The third line is the number of iteration repeated to increase the precision
of benchmarks for each key operation. It greatly slows down the whole process.
To measure the elapsed time we simply compute the difference between
gettimeofday() before and after our operation.
For each formula, the result looks as follow :
| Formula 9
| !((<>[](noLeader || zeroLeads || oneLeads || twoLeads)) && (<>[]((zeroLeads -> (zeroLeads U (noLeader U twoLeads))))) && (<>[]((oneLeads -> (oneLeads U (noLeader U zeroLeads))))) && (<>[]((twoLeads -> (twoLeads U (noLeader U oneLeads))))))
|
First, the number of the formula, i.e the corresponding line in the ltl file.
On the following line the formula is recalled
| Full Product : 247864 states in 0.002611s
| 361 unique states visited
| 27 strongly connected components in search stack
| 412 transitions explored
| 361 items max in DFS search stack
|
Stats of the synchronised product and emptiness check computed on the main
unsplitted automaton.
| Splitting in 0.000212s
| Base automaton splitted in 4 automata.
|
Details about splitting time and number of sub automata created.
Here, we wished every formula would have been splitted in 9, but here
it could only be splitted in 4.
| Product 1 : 99871 states in 0.002614s
| 361 unique states visited
| 27 strongly connected components in search stack
| 412 transitions explored
| 361 items max in DFS search stack
|
| Product 2 : 49332 states in 0.297583s
| No accepting path.
|
| Product 3 : 49332 states in 0.297967s
| No accepting path.
|
| Product 4 : 49332 states in 0.296978s
| No accepting path.
|
Details concerning synchronised product size and emptiness check on each
sub automaton, in the same format as above for the full formula.
| Total split products size : 247867
| Additionnal states created : 3
| Additionnal states ratio : 0.000012
| Cutting and computing time : 0.002826s
| Time gain -0.000214s
Overall data for this formula, we compute the size of our splitted
synchronised products by simply adding them.
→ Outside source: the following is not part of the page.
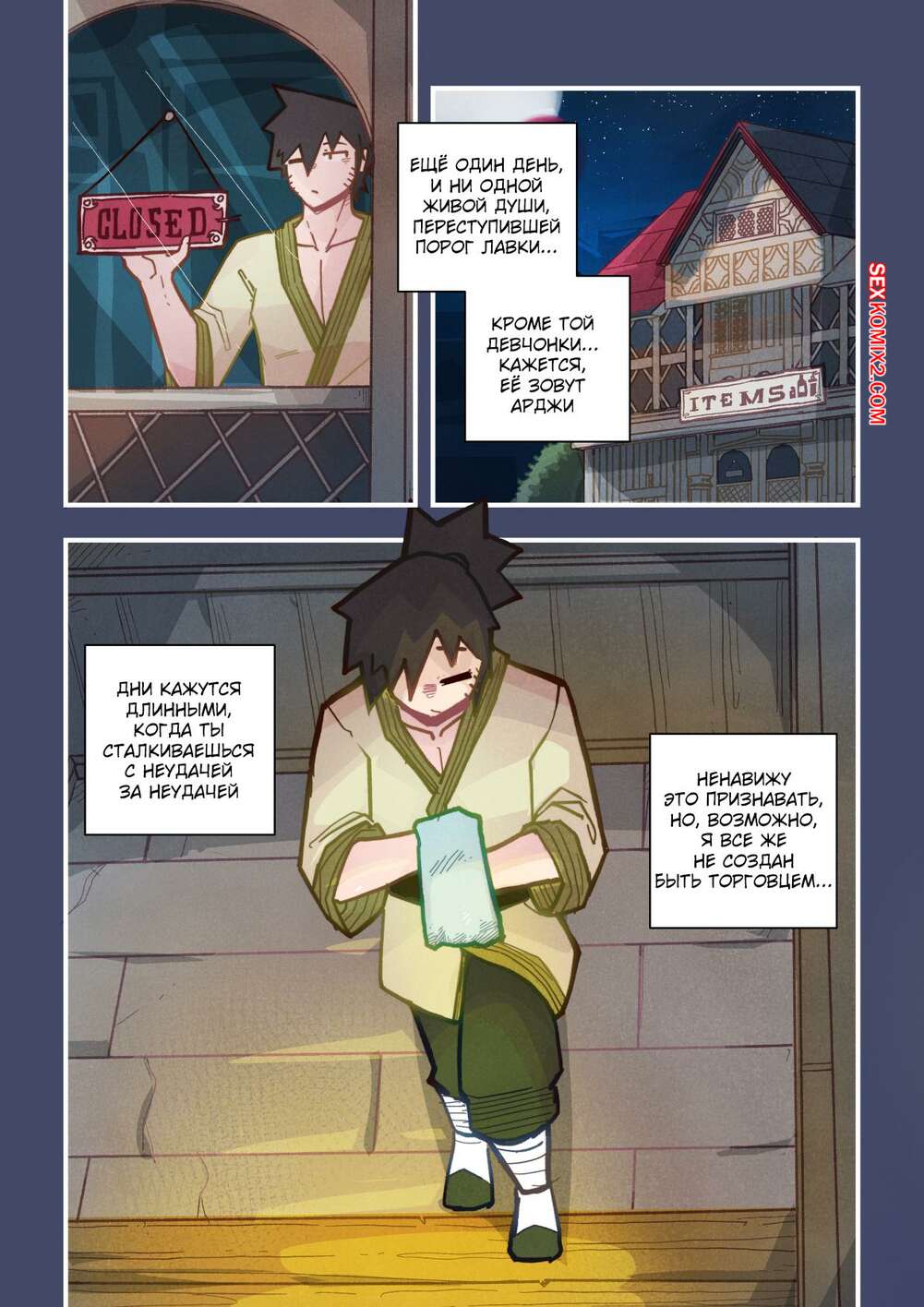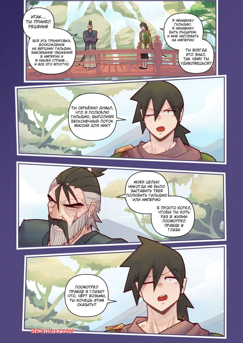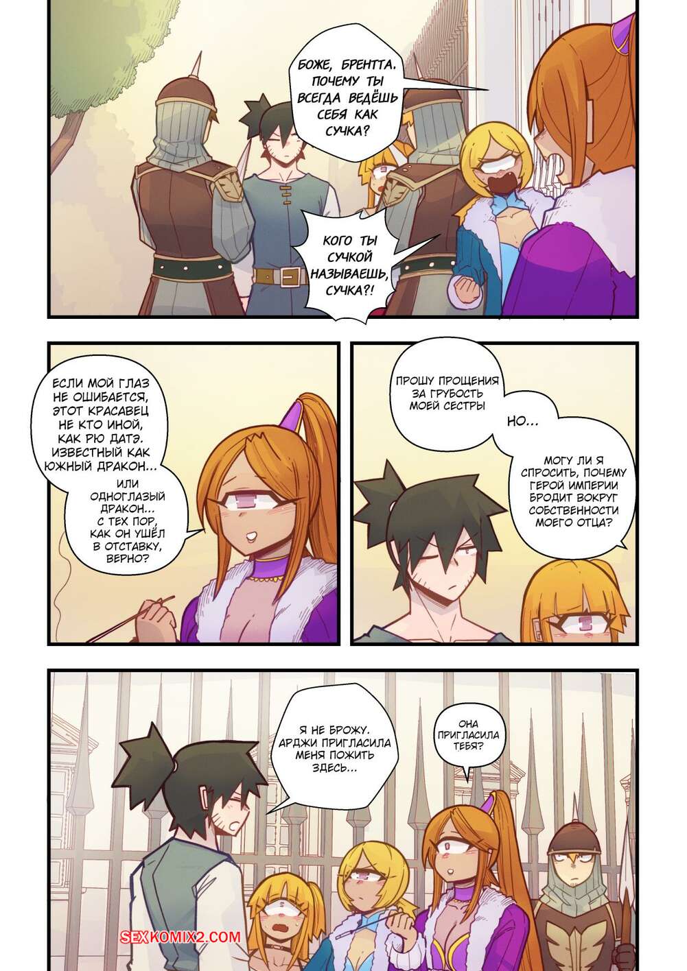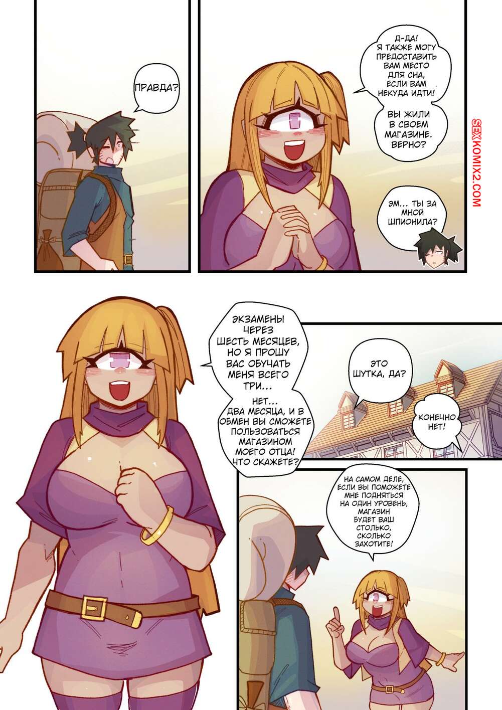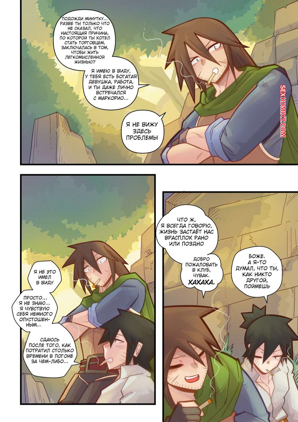 Порно комикс Ванильная фантазия. Часть 5. Vanilla Fantasy. Mr.E. В своих странствиях парень познакомился с одноглазой девушкой, она стала его оруженосцем. Со временем он влюбился в нее, после жаркой ночи секса они стали парой.

This is an important
factor because sometimes an excessively large number of states are generated
with this method compared to the original product.
The two last lines give the speed results of splitting and computing emptiness
check on the sub automata.
If there is an accepting path, we take the shortest time because it means an
early stop in our algorithm, we can stop computation for other sub automata.
If there are no accepting path, we take the longest time because it means a
mandatory full traversal of all automaton.
At the end we sum the computation times for the full formula and the splitted
formula:
| Full 3.145159s
| Cutting 0.000212s
| Split 2.522595s
This is more or less significant, sometime splitting will greatly improve
speed for a single formula and will have small or no impact on others.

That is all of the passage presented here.